Step 1: Constructing the Query Body
The AnalyticsQueryBody requires a groupBy array. To group by queue and media type, you must specify the exact grouping keys: queue and mediaType. You must also define the interval for the time series data. For a simple aggregation without time-series breakdown, use PT0S (zero seconds) or omit the interval if you only want totals. However, most use cases require an interval. We will use P1D (one day) to get daily aggregates.
The filter object allows you to scope the data to specific queues, users, or time ranges. We will filter by a specific date range to ensure the query is performant.

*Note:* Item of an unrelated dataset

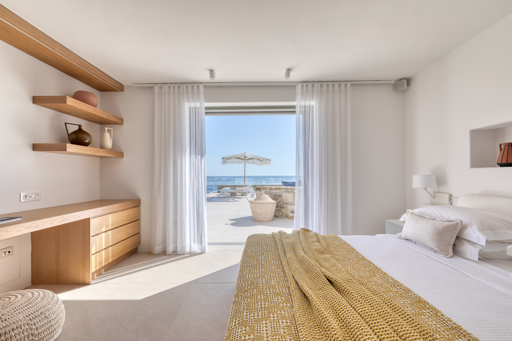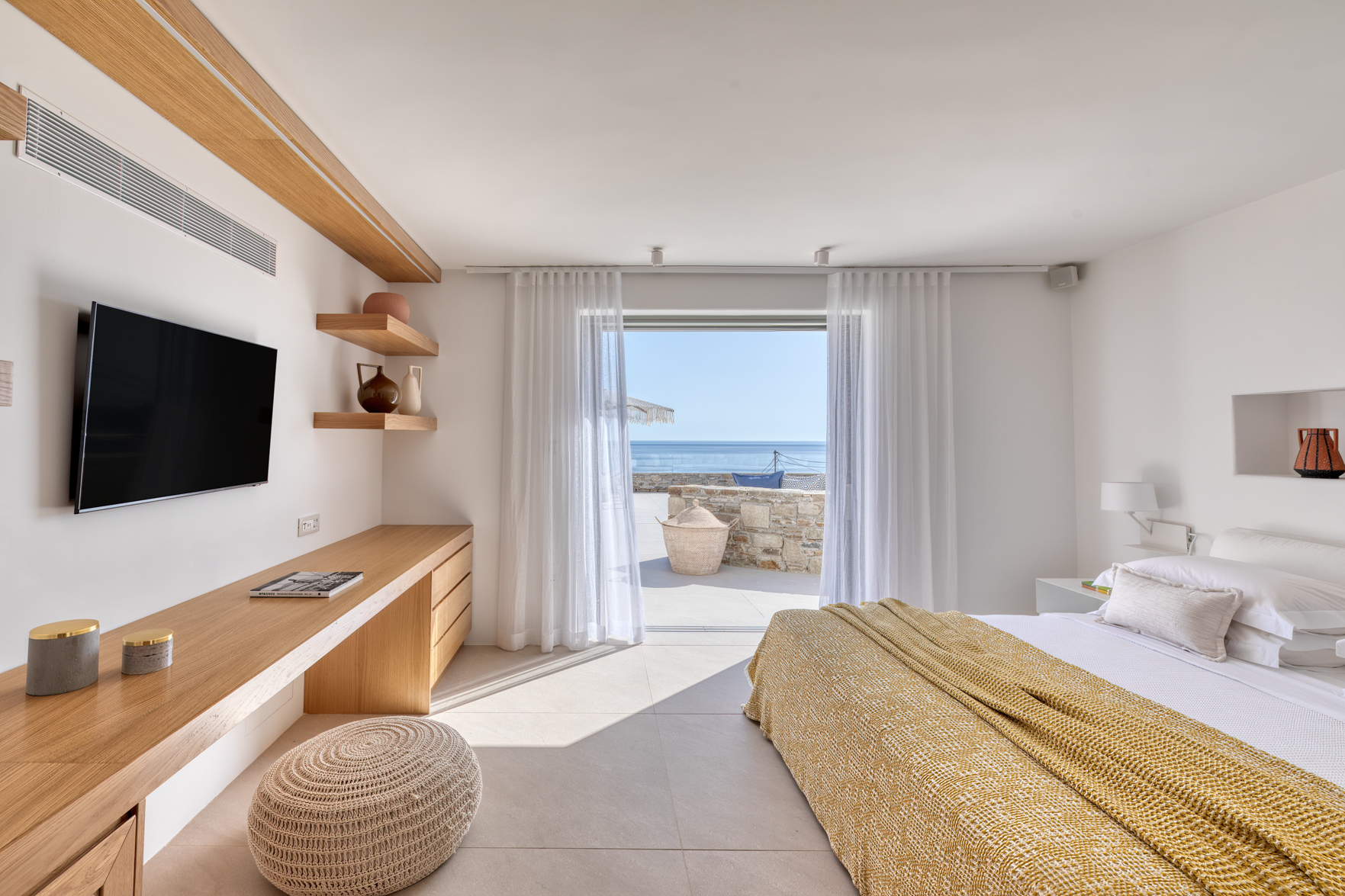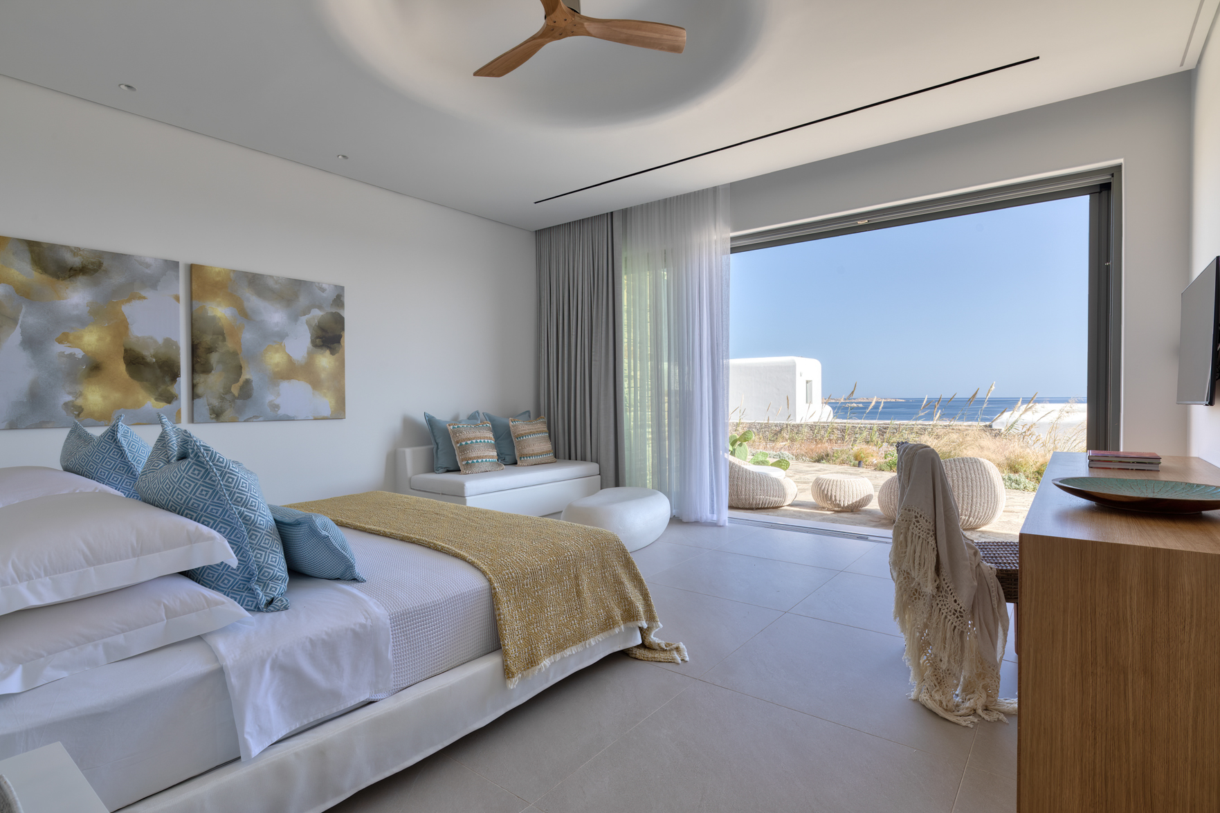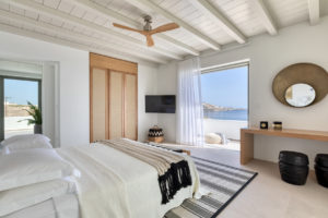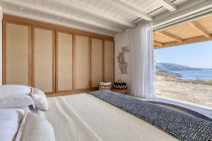 Guest house 1: double bedroom with king-size bed, smart TV, central ventilation & [A/C], en-suite bathroom – direct access to shaded outdoor lounge area and to fire pit lounge, via balcony doors | amazing sea views.

from purecloudplatformclientv2 import AnalyticsQueryBody, AnalyticsFilter
def build_analytics_query(start_date: str, end_date: str, queue_ids: list = None) -> AnalyticsQueryBody:
"""
Builds the AnalyticsQueryBody for grouping by queue and media type.
Args:
start_date: ISO 8601 start date (e.g., "2023-10-01T00:00:00.000Z")
end_date: ISO 8601 end date (e.g., "2023-10-31T23:59:59.999Z")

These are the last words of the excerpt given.